X: torch.Size([64, 500]) , y: torch.Size([64])
# batches: 391

Putting it altogether.

In [11]:

def load_data_imdb(batch_size, num_steps=500):
    data_dir = download_extract("aclImdb", "aclImdb")
    train_data = read_imdb(data_dir, True)
    test_data = read_imdb(data_dir, False)
    train_tokens = tokenize(train_data[0], token="word")
    test_tokens = tokenize(test_data[0], token="word")
    vocab = Vocab(train_tokens, min_freq=5)
    train_features = torch.tensor([truncate_pad(vocab[line], num_steps, vocab["<pad>"]) for line in train_tokens])
    test_features = torch.tensor([truncate_pad(vocab[line], num_steps, vocab["<pad>"]) for line in test_tokens])
    train_iter = load_array((train_features, torch.tensor(train_data[1])), batch_size)
    test_iter = load_array((test_features, torch.tensor(test_data[1])), batch_size, is_train=False)
    return train_iter, test_iter, vocab

In [12]:

batch_size = 64
train_iter, test_iter, vocab = load_data_imdb(batch_size)

Model

We create a biRNN, so the t'th word has a representation of size 2*h, where h is the number of hidden layers in each direction. The representation of the sentence is the concatenation of the representation of the first and last word. This is mapped to a binary output label.

In [13]:

class BiRNN(nn.Module):
    def __init__(self, vocab_size, embed_size, num_hiddens, num_layers, **kwargs):
        super(BiRNN, self).__init__(**kwargs)
        self.embedding = nn.Embedding(vocab_size, embed_size)
        # Set `bidirectional` to True to get a bidirectional recurrent neural
        # network
        self.encoder = nn.LSTM(embed_size, num_hiddens, num_layers=num_layers, bidirectional=True)
        self.decoder = nn.Linear(4 * num_hiddens, 2)
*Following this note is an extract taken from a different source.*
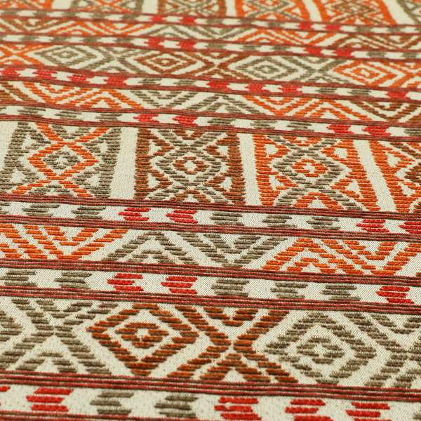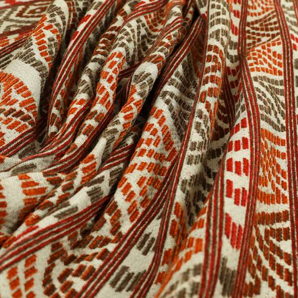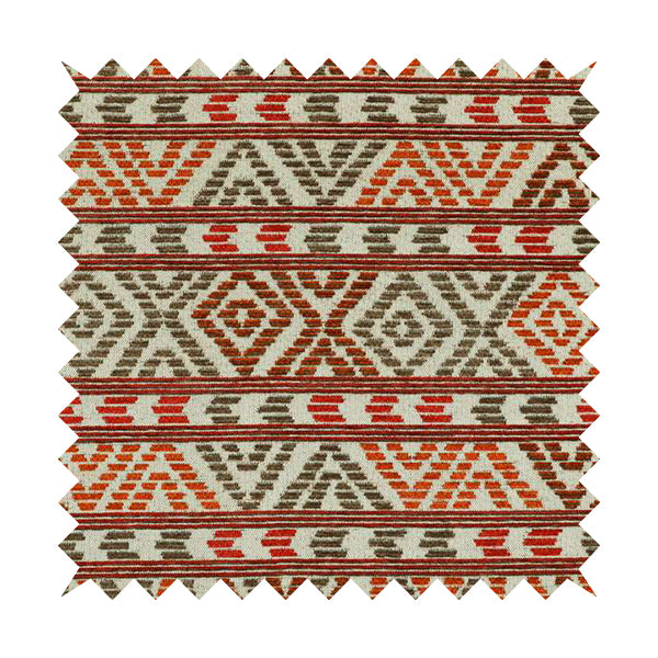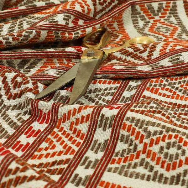 This chenille upholstery fabric features a vibrant tribal aztec pattern in shades of orange and red, perfect for adding a bold touch to your Roman blinds. Expertly crafted, this fabric is durable and versatile, making it an ideal choice for any interior design project.

    def forward(self, inputs):
        # The shape of `inputs` is (batch size, no. of words). Because LSTM
        # needs to use sequence as the first dimension, the input is
        # transformed and the word feature is then extracted. The output shape
        # is (no. of words, batch size, word vector dimension).
        embeddings = self.embedding(inputs.T)
        # Since the input (embeddings) is the only argument passed into
        # nn.LSTM, both h_0 and c_0 default to zero.
        # we only use the hidden states of the last hidden layer
        # at different time step (outputs). The shape of `outputs` is
        # (no. of words, batch size, 2 * no. of hidden units).
        self.encoder.flatten_parameters()
        outputs, _ = self.encoder(embeddings)
        # Concatenate the hidden states of the initial time step and final
        # time step to use as the input of the fully connected layer. Its
        # shape is (batch size, 4 * no. of hidden units)
        encoding = torch.cat((outputs[0], outputs[-1]), dim=1)
        outs = self.decoder(encoding)
        return outs

In [14]:

def try_all_gpus():
    """Return all available GPUs, or [cpu(),] if no GPU exists."""
    devices = [torch.device(f"cuda:{i}") for i in range(torch.cuda.device_count())]
    return devices if devices else [torch.device("cpu")]


def try_gpu(i=0):
    """Return gpu(i) if exists, otherwise return cpu()."""
    if torch.cuda.device_count() >= i + 1:
        return torch.device(f"cuda:{i}")
    return torch.device("cpu")

Example.

In [15]:

embed_size, num_hiddens, num_layers, devices = 100, 100, 2, try_all_gpus()
net = BiRNN(len(vocab), embed_size, num_hiddens, num_layers)


def init_weights(m):
    if type(m) == nn.Linear:
        nn.init.xavier_uniform_(m.weight)
    if type(m) == nn.LSTM:
        for param in m._flat_weights_names:
            if "weight" in param:
                nn.init.xavier_uniform_(m._parameters[param])


net.apply(init_weights);

In [16]:

net

Out[16]:

BiRNN(
  (embedding): Embedding(49346, 100)
  (encoder): LSTM(100, 100, num_layers=2, bidirectional=True)
  (decoder): Linear(in_features=400, out_features=2, bias=True)
)

Because we have a small training set, we use pre-trained GloVE word embeddings of dimension 100.

In [17]:

class TokenEmbedding:
    """Token Embedding."""

    def __init__(self, embedding_name):
        self.idx_to_token, self.idx_to_vec = self._load_embedding(embedding_name)
        self.unknown_idx = 0
        self.token_to_idx = {token: idx for idx, token in enumerate(self.idx_to_token)}

    def _load_embedding(self, embedding_name):
        idx_to_token, idx_to_vec = ["<unk>"], []
        data_dir = download_extract(embedding_name)
        # GloVe website: https://nlp.stanford.edu/projects/glove/
        # fastText website: https://fasttext.cc/
        with open(os.path.join(data_dir, "vec.txt"), "r") as f:
            for line in f:
                elems = line.rstrip().split(" ")
                token, elems = elems[0], [float(elem) for elem in elems[1:]]
                # Skip header information, such as the top row in fastText
                if len(elems) > 1:
                    idx_to_token.append(token)
                    idx_to_vec.append(elems)
        idx_to_vec = [[0] * len(idx_to_vec[0])] + idx_to_vec
        return idx_to_token, torch.tensor(idx_to_vec)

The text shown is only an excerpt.